§ **Items listed in a dataset**
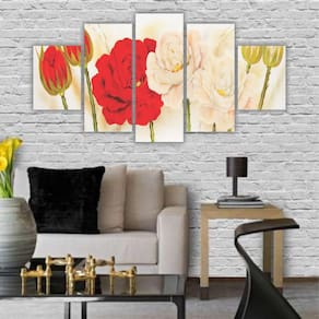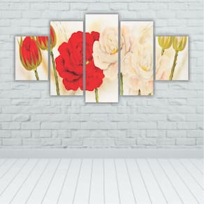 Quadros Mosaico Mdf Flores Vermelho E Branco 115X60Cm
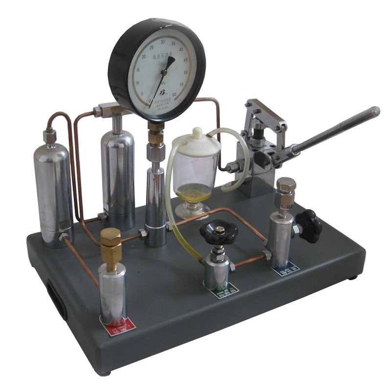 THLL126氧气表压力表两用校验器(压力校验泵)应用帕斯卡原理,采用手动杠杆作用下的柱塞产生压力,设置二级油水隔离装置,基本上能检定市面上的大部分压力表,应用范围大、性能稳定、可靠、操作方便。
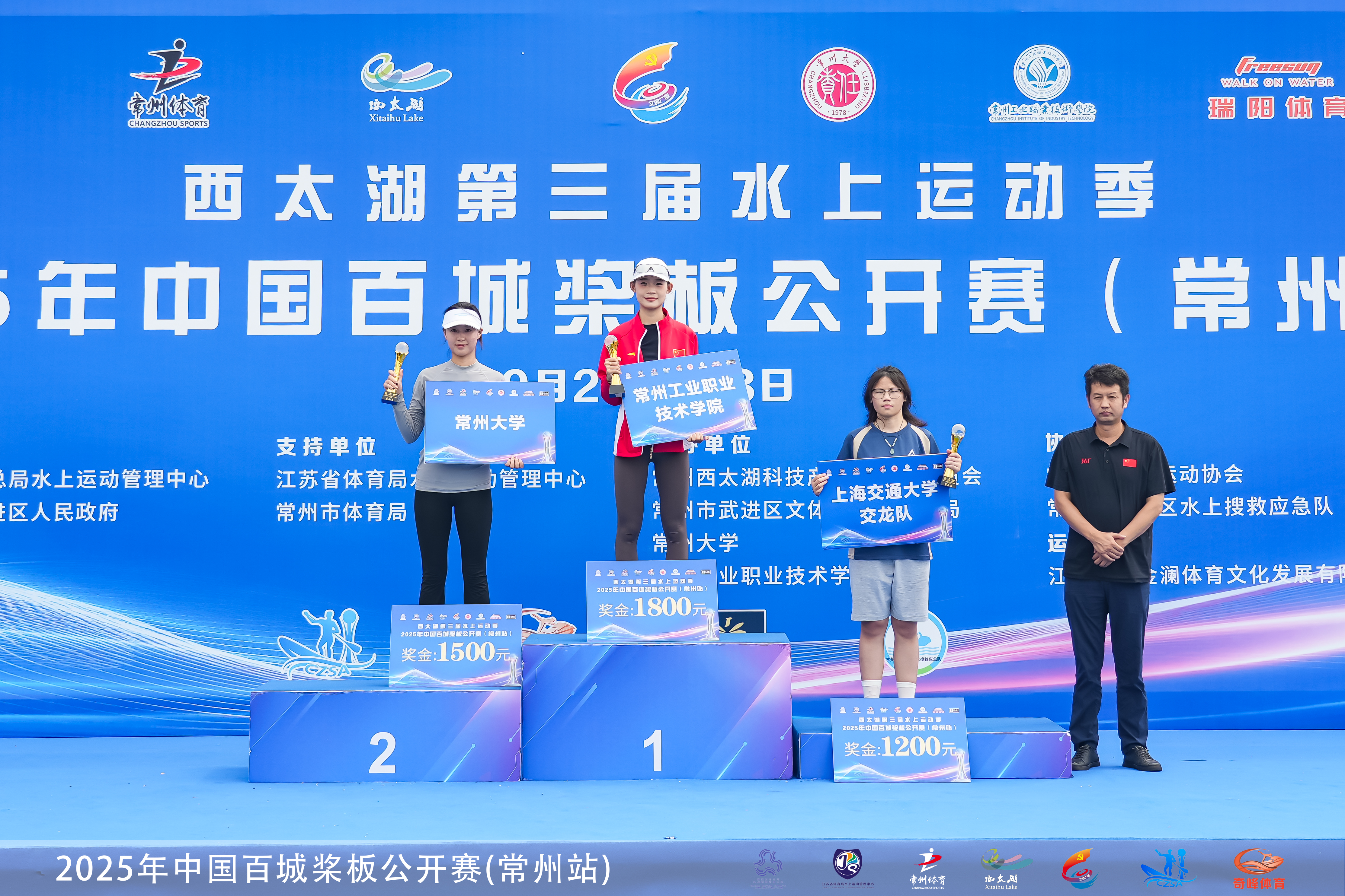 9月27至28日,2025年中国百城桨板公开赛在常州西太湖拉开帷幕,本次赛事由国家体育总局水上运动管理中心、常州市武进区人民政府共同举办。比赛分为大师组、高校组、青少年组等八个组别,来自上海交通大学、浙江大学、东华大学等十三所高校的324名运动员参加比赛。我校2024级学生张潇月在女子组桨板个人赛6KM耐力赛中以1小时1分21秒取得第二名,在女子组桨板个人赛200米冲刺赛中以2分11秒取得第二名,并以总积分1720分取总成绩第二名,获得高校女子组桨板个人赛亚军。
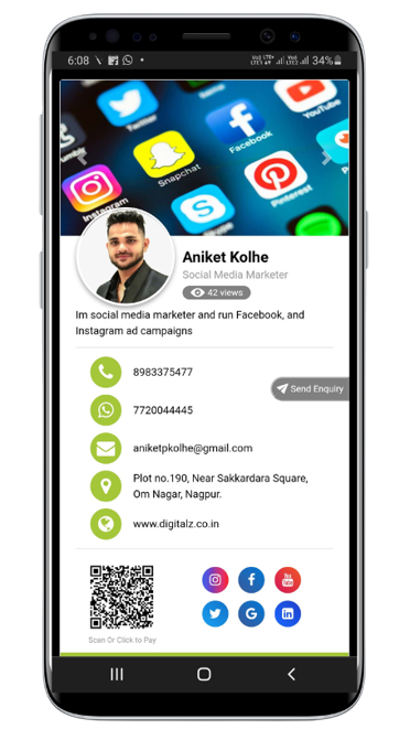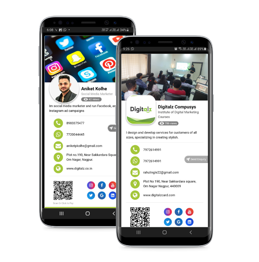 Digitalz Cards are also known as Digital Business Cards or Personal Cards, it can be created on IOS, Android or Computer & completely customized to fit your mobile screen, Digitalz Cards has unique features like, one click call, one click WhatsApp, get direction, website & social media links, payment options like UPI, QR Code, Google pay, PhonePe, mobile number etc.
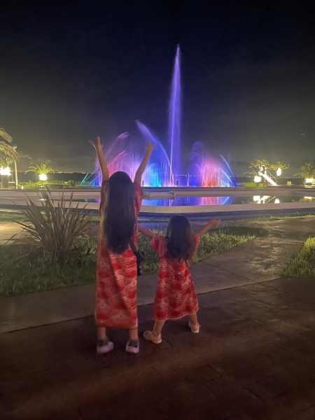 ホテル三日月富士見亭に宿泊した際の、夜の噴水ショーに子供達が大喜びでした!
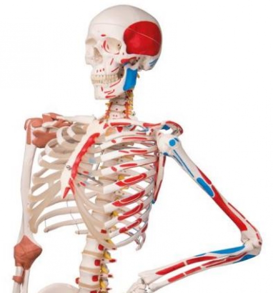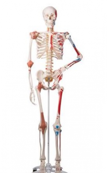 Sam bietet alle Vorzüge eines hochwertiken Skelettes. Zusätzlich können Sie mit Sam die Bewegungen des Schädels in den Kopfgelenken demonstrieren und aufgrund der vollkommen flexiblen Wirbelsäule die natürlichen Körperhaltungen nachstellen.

§ **Task description**
Those lines of the records above that run from the one containing "Digitalz Cards are" through the one containing "ホテル三日月富士見亭に宿泊した際の、夜の噴水ショーに子供達が大喜びでした!" should be returned exactly, with no pictures among them.

§ **Output for this task**
 Digitalz Cards are also known as Digital Business Cards or Personal Cards, it can be created on IOS, Android or Computer & completely customized to fit your mobile screen, Digitalz Cards has unique features like, one click call, one click WhatsApp, get direction, website & social media links, payment options like UPI, QR Code, Google pay, PhonePe, mobile number etc.
 ホテル三日月富士見亭に宿泊した際の、夜の噴水ショーに子供達が大喜びでした!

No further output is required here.